From mboxrd@z Thu Jan  1 00:00:00 1970
From: Wols Lists <antlists@youngman.org.uk>
Subject: Re: Fault tolerance with badblocks
Date: Tue, 9 May 2017 20:44:28 +0100
Message-ID: <59121C1C.1050101@youngman.org.uk>
References: <03294ec0-2df0-8c1c-dd98-2e9e5efb6f4f@hale.ee>
 <590B3039.3060000@youngman.org.uk>
 <84184eb3-52c4-e7ad-cd5b-5021b5cf47ee@hale.ee>
 <d2b25ec0-c401-07df-2231-a37117878589@youngman.org.uk>
 <bd917050-cf73-6922-bb20-c5ccf02ba51c@hale.ee>
 <590DC905.60207@youngman.org.uk> <87h90v8kt3.fsf@esperi.org.uk>
 <1533bba8-41cb-2c50-b28a-52786e463072@turmel.org>
 <87vapb6s9h.fsf@esperi.org.uk>
 <c5307694-034c-b610-8a27-3bf272cac380@youngman.org.uk>
 <87inla73vz.fsf@esperi.org.uk> <5911A371.3030008@hesbynett.no>
 <878tm65kyx.fsf@esperi.org.uk> <5911AED4.9030007@hesbynett.no>
 <CAJCQCtSaLbp4T+j97Ds6xqPmhVwnncGU2UV2_9HEbEJyr6fy+Q@mail.gmail.com>
Mime-Version: 1.0
Content-Type: text/plain; charset=utf-8
Content-Transfer-Encoding: 7bit
Return-path: <linux-raid-owner@vger.kernel.org>
In-Reply-To: <CAJCQCtSaLbp4T+j97Ds6xqPmhVwnncGU2UV2_9HEbEJyr6fy+Q@mail.gmail.com>
Sender: linux-raid-owner@vger.kernel.org
To: Chris Murphy <lists@colorremedies.com>, David Brown <david.brown@hesbynett.no>
Cc: Nix <nix@esperi.org.uk>, Phil Turmel <philip@turmel.org>, "Ravi (Tom) Hale" <ravi@hale.ee>, Linux-RAID <linux-raid@vger.kernel.org>
List-Id: linux-raid.ids

On 09/05/17 18:25, Chris Murphy wrote:
> On Tue, May 9, 2017 at 5:58 AM, David Brown <david.brown@hesbynett.no> wrote:
> 
>> I thought you said that you had read Neil's article.  Please go back and
>> read it again.  If you don't agree with what is written there, then
>> there is little more I can say to convince you.
>>
>> One thing I can try, is to note that you are /not/ the first person to
>> think "Surely with RAID-6 we can correct mismatches - it should be
>> easy?".
> 
> H. Peter Anvin's RAID 6 paper, section 4 is what's apparently under discussion
> http://milbret.anydns.info/pub/linux/kernel/people/hpa/raid6.pdf
> 
> This is totally non-trivial, especially because it says raid6 cannot
> detect or correct more than one corruption, and ensuring that
> additional corruption isn't introduced in the rare case is even more
> non-trivial.

And can I point out that that is just one person's opinion? A
well-informed, respected person true, but it's still just opinion. And
imho the argument that says raid should not repair the data applies
equally against fsck - that shouldn't do any repair either! :-)
> 
> I do think it's sane for raid6 repair to avoid the current assumption
> that data strip is correct, by doing the evaluation in equation 27. If
> there's no corruption do nothing, if there's corruption of P or Q then
> replace, if there's corruption of data, then report but do not repair
> as follows:

>From an ENGINEERING viewpoint, what is the probability that we get a
two-drive error? And if we do, then there's probably something rather
more serious gone wrong?
> 
> 1. md reports all data drives and the LBAs for the affected stripe
> (otherwise this is not simple if it has to figure out which drive is
> actually affected but that's not required, just a matter of better
> efficiency in finding out what's really affected.)

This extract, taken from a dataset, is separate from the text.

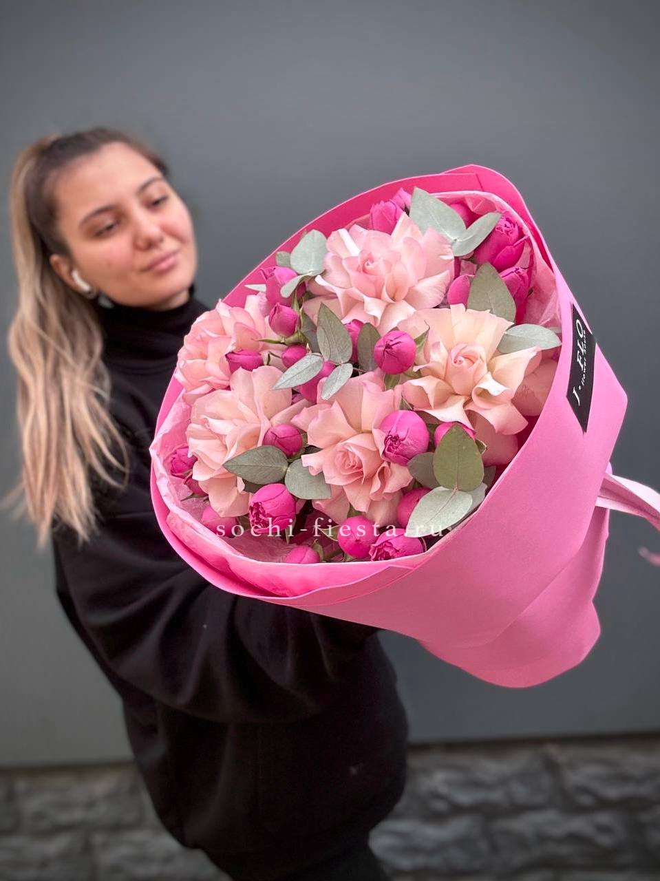 Для заказа товара "Букет французских и пионовидных роз "Ламиносо"" с доставкой в Абакане нажмите в корзину

md should report the error AND THE DRIVE THAT APPEARS TO BE FAULTY. (Or
maybe we leave that to the below-mentioned mdfsck.)

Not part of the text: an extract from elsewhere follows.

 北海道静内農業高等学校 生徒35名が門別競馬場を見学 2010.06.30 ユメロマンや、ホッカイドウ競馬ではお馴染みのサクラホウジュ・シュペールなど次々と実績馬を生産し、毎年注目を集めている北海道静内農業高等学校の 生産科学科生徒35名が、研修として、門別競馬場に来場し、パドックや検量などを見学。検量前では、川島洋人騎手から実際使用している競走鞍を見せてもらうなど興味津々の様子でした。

That way, if it's a bunch of errors on the same drive we know we've got
a problem with the drive. If we've got a bunch of errors on random
drives, we know the problem is probably elsewhere.
> 
> 2. the file system needs to be able to accept the error from md
> 
> 3. the file system reports what it negatively impacted: file system
> metadata or data and if data, the full filename path.
> 
> And now suddenly this work is likewise non-trivial.

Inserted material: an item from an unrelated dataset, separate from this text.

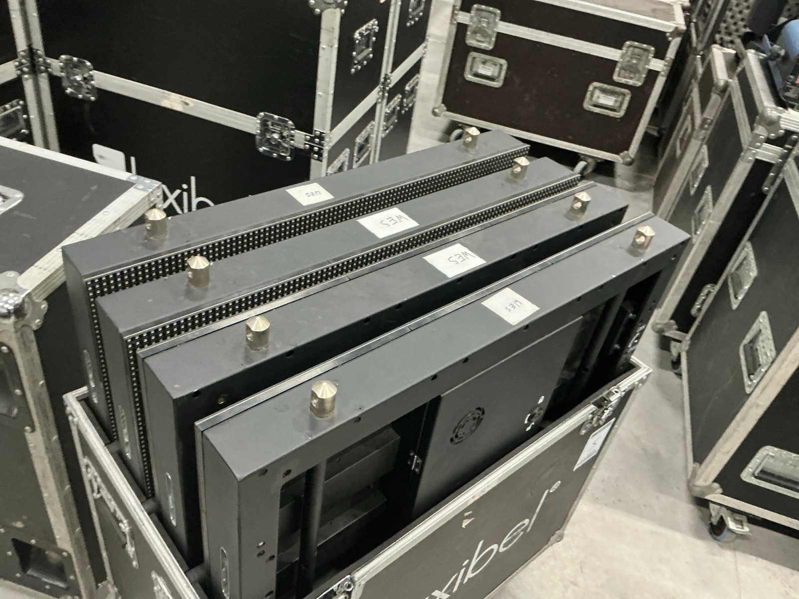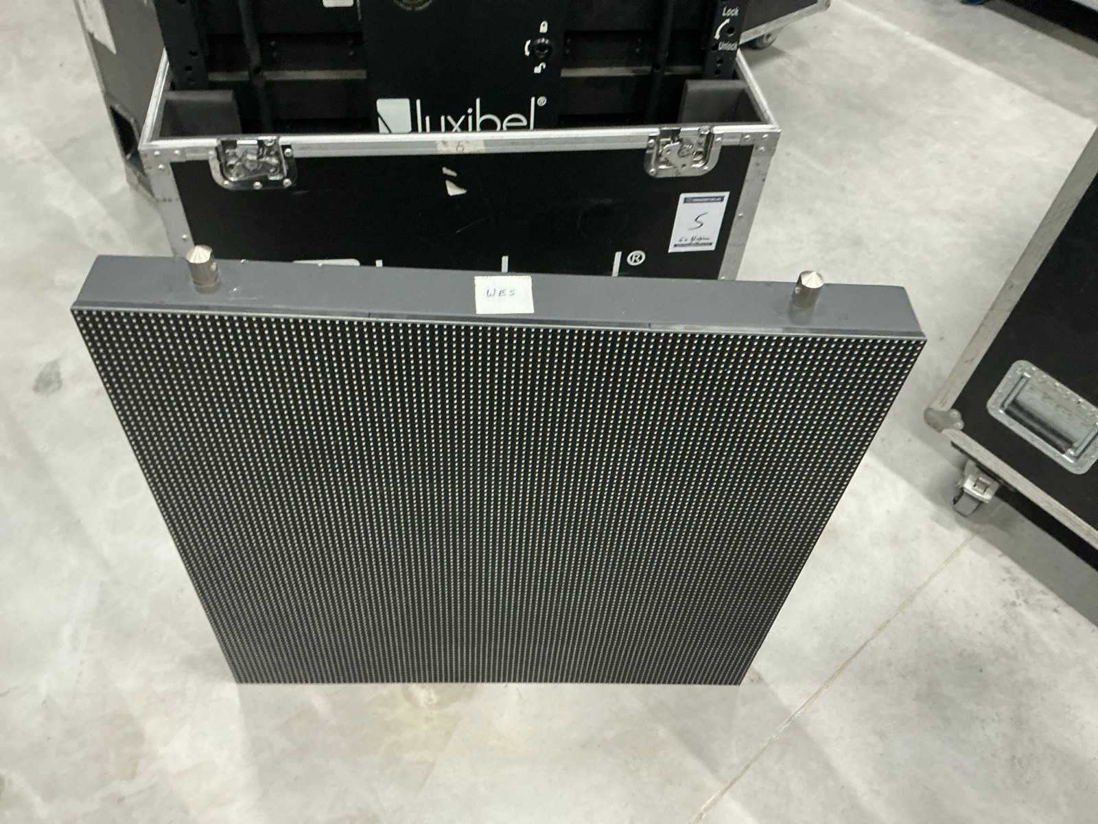 Bestaande uit 24 tegels, gestapeld in 6 flightcases/ inclusief: videoprocessor DMT Nee Merk: Luxibel Type: P8 Indoor: true Aansluiting: 230V Met flightcase: true Totale afmeting L: 770mm Totale afmeting Breedte: 770mm

Which is why we keep the filesystem out of this. By all means make md
return a list of dud strips, which a filesystem-level utility can then
interpret, but that isn't md's problem.
> 
> And there is already something that will do exactly this: ZFS and
> Btrfs. Both can unambiguously, efficiently determine whether data is
> corrupt even if a drive doesn't report a read error.
> 
Or we write an mdfsck program. Just like you shouldn't run fsck with
write privileges on a mounted filesystem, you wouldn't run mdfsck with
filesystems in the array mounted.

At the end of the day, md should never corrupt data by default. Which is
what it sounds like is happening at the moment, if it's assuming the
data sectors are correct and the parity is wrong. If one parity appears
correct then by all means rewrite the second ...

But the current setup, where it's currently quite happy to assume a
single-drive error and rewrite it if it's a parity drive, but it won't
assume a single-drive error and and rewrite it if it's a data drive,
just seems totally wrong. Worse, in the latter case, it seems it
actively prevents fixing the problem by updating the parity and
(probably) corrupting the data.

Report the error, give the user the tools to fix it, and LET THEM sort
it out. Just like we do when we run fsck on a filesystem.

(I know I know, patches welcome :-)

Cheers,
Wol